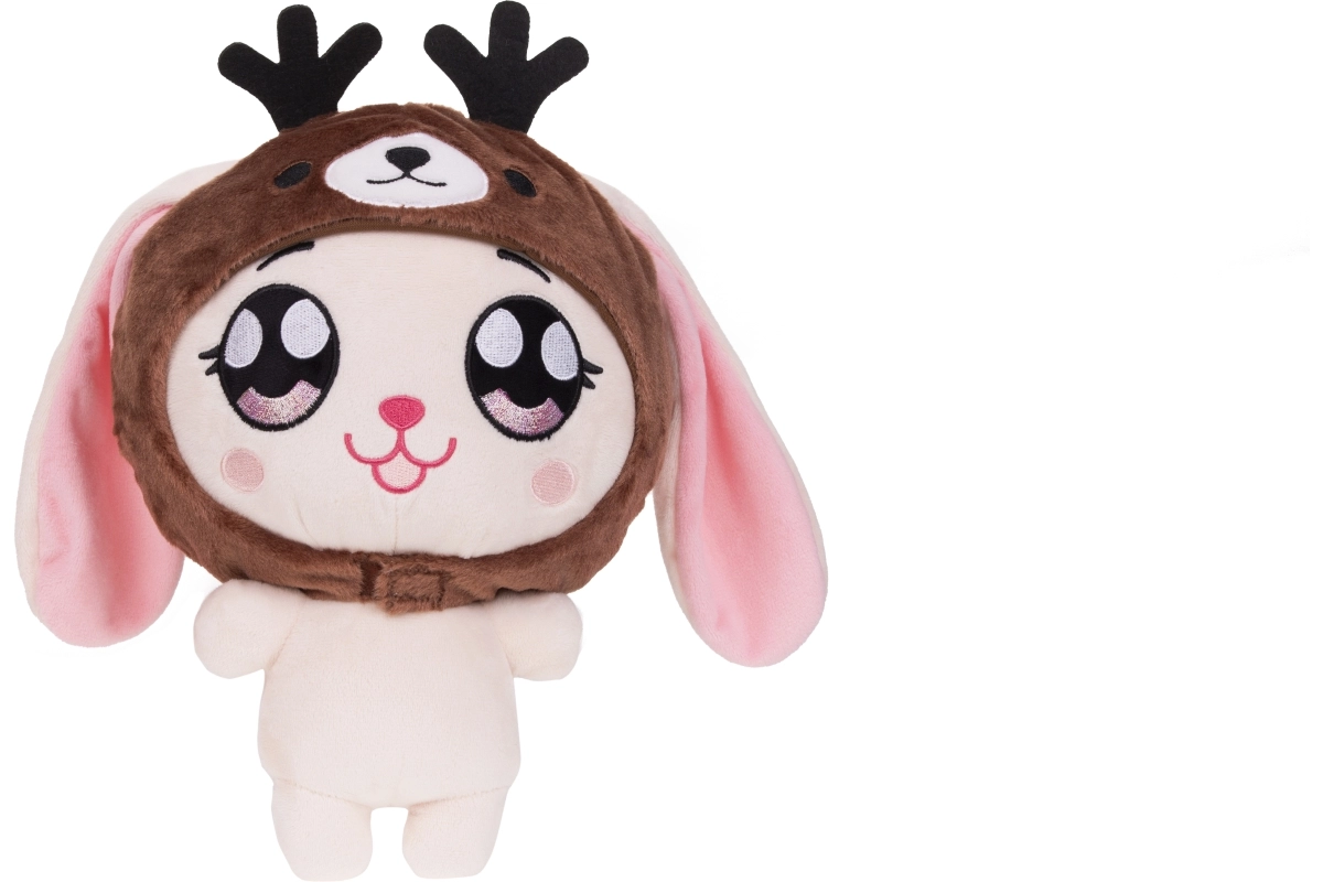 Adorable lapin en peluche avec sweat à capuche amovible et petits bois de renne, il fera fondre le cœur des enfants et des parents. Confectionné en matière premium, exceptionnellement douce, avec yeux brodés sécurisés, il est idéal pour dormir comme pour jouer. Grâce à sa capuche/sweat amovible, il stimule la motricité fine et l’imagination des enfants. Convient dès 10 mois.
┄┄┄┄┄┄┄┄┄┄┄┄┄┄┄┄┄┄┄┄
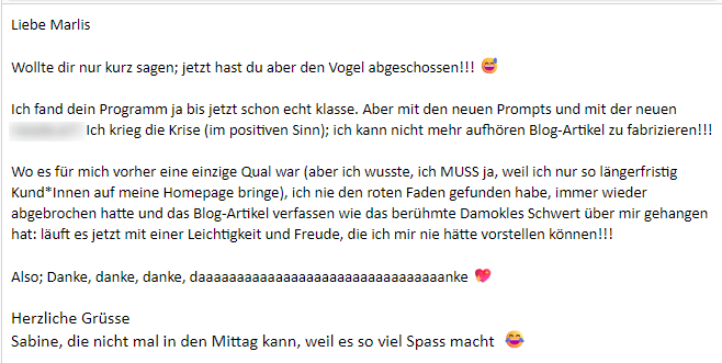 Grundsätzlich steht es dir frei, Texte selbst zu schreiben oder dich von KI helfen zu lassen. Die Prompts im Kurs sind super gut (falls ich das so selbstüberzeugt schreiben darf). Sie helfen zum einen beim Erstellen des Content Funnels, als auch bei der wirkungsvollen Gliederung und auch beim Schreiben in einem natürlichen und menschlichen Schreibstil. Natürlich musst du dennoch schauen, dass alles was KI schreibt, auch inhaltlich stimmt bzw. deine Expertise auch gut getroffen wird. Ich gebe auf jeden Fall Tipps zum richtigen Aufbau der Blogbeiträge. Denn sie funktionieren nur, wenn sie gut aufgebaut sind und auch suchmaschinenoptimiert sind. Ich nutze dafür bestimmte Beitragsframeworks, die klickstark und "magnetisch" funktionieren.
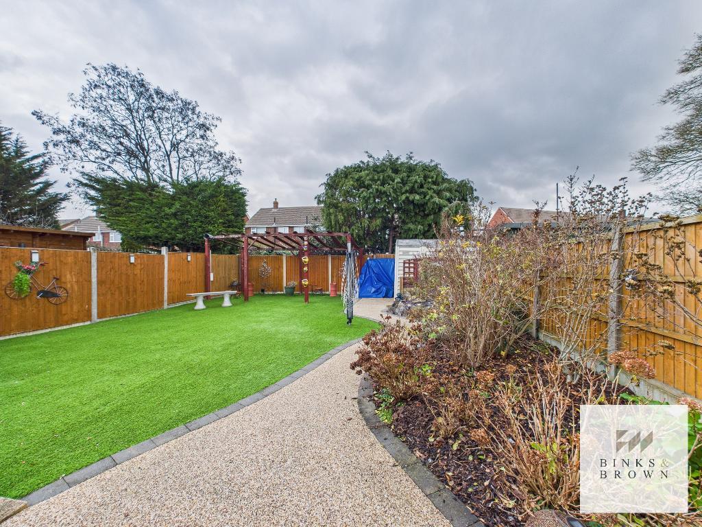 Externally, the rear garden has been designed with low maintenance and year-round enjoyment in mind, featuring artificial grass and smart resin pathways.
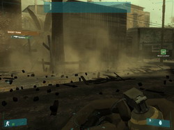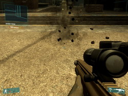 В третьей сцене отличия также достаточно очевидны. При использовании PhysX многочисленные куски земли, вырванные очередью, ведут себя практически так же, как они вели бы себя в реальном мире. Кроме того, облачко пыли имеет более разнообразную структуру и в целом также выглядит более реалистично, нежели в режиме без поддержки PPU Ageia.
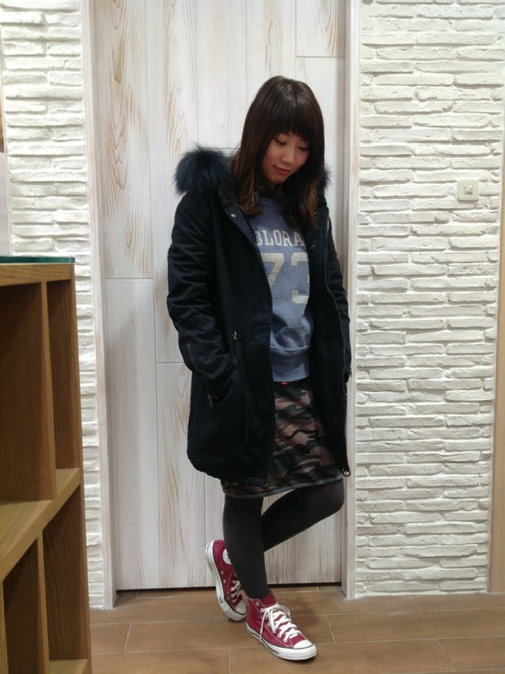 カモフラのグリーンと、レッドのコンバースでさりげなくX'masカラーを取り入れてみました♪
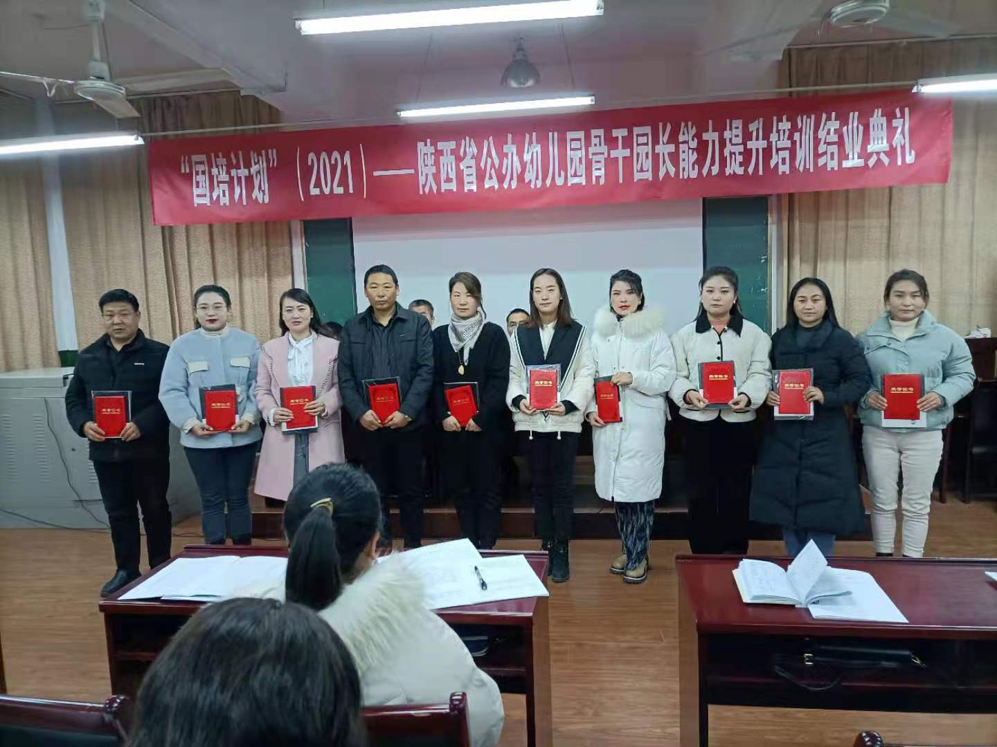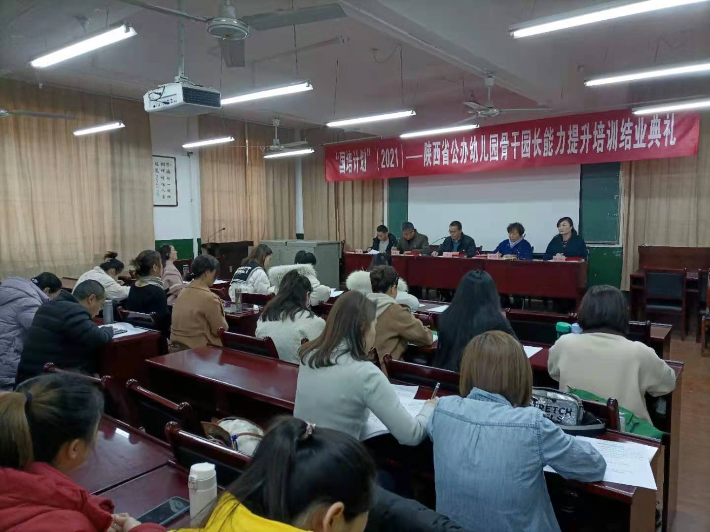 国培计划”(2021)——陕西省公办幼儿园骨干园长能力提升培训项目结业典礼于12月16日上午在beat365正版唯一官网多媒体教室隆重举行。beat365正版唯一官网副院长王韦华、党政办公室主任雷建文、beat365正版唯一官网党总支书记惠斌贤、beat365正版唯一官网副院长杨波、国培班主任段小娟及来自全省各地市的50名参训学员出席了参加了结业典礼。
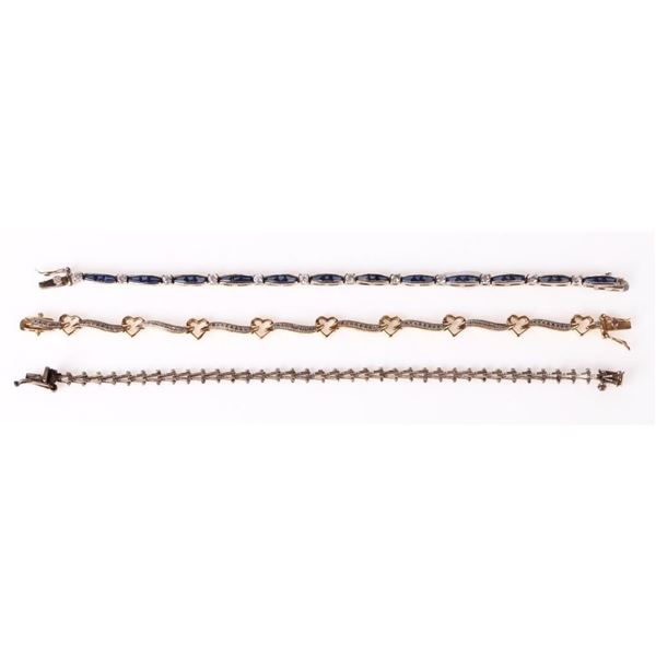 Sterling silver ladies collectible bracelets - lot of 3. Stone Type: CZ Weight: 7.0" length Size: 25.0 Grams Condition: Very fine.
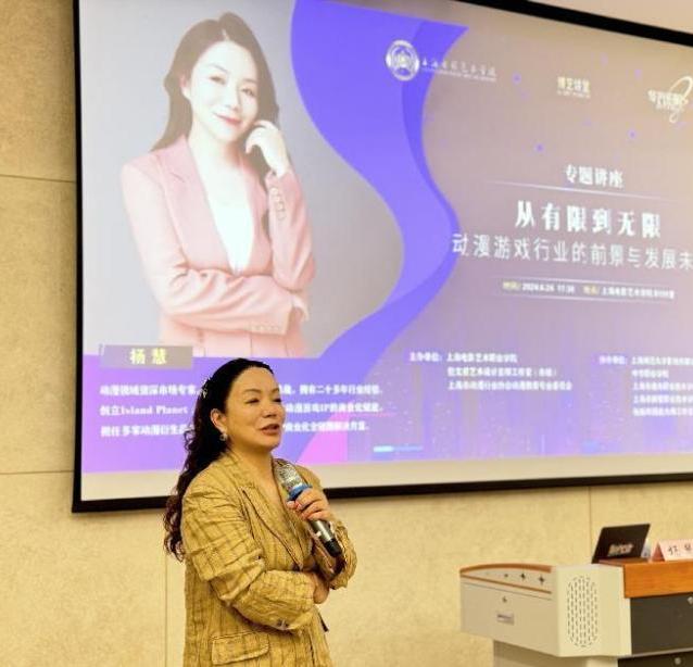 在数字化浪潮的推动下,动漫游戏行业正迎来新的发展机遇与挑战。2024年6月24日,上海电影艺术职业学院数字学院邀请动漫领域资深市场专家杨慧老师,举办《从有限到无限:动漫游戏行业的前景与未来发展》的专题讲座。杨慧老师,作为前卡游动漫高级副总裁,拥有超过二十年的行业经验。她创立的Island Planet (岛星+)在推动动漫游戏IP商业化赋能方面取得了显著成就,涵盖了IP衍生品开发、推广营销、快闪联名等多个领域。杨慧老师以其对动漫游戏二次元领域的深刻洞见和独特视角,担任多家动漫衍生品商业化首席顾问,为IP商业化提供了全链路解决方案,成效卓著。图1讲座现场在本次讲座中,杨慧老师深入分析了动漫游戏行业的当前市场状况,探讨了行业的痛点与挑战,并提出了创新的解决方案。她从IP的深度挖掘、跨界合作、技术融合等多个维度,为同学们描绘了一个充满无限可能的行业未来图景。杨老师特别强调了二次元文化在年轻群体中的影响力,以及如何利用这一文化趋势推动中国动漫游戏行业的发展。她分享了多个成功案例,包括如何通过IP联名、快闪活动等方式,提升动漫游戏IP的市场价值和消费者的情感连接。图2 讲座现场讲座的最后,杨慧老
┄┄┄┄┄┄┄┄┄┄┄┄┄┄┄┄┄┄┄┄
Problem: Reproduce, exactly and only, the lines of the records above starting at the line with "В третьей сцене" and ending at the line with "Sterling silver ladies", both included. Leave every picture out.

The answer:
 В третьей сцене отличия также достаточно очевидны. При использовании PhysX многочисленные куски земли, вырванные очередью, ведут себя практически так же, как они вели бы себя в реальном мире. Кроме того, облачко пыли имеет более разнообразную структуру и в целом также выглядит более реалистично, нежели в режиме без поддержки PPU Ageia.
 カモフラのグリーンと、レッドのコンバースでさりげなくX'masカラーを取り入れてみました♪
 国培计划”(2021)——陕西省公办幼儿园骨干园长能力提升培训项目结业典礼于12月16日上午在beat365正版唯一官网多媒体教室隆重举行。beat365正版唯一官网副院长王韦华、党政办公室主任雷建文、beat365正版唯一官网党总支书记惠斌贤、beat365正版唯一官网副院长杨波、国培班主任段小娟及来自全省各地市的50名参训学员出席了参加了结业典礼。
 Sterling silver ladies collectible bracelets - lot of 3. Stone Type: CZ Weight: 7.0" length Size: 25.0 Grams Condition: Very fine.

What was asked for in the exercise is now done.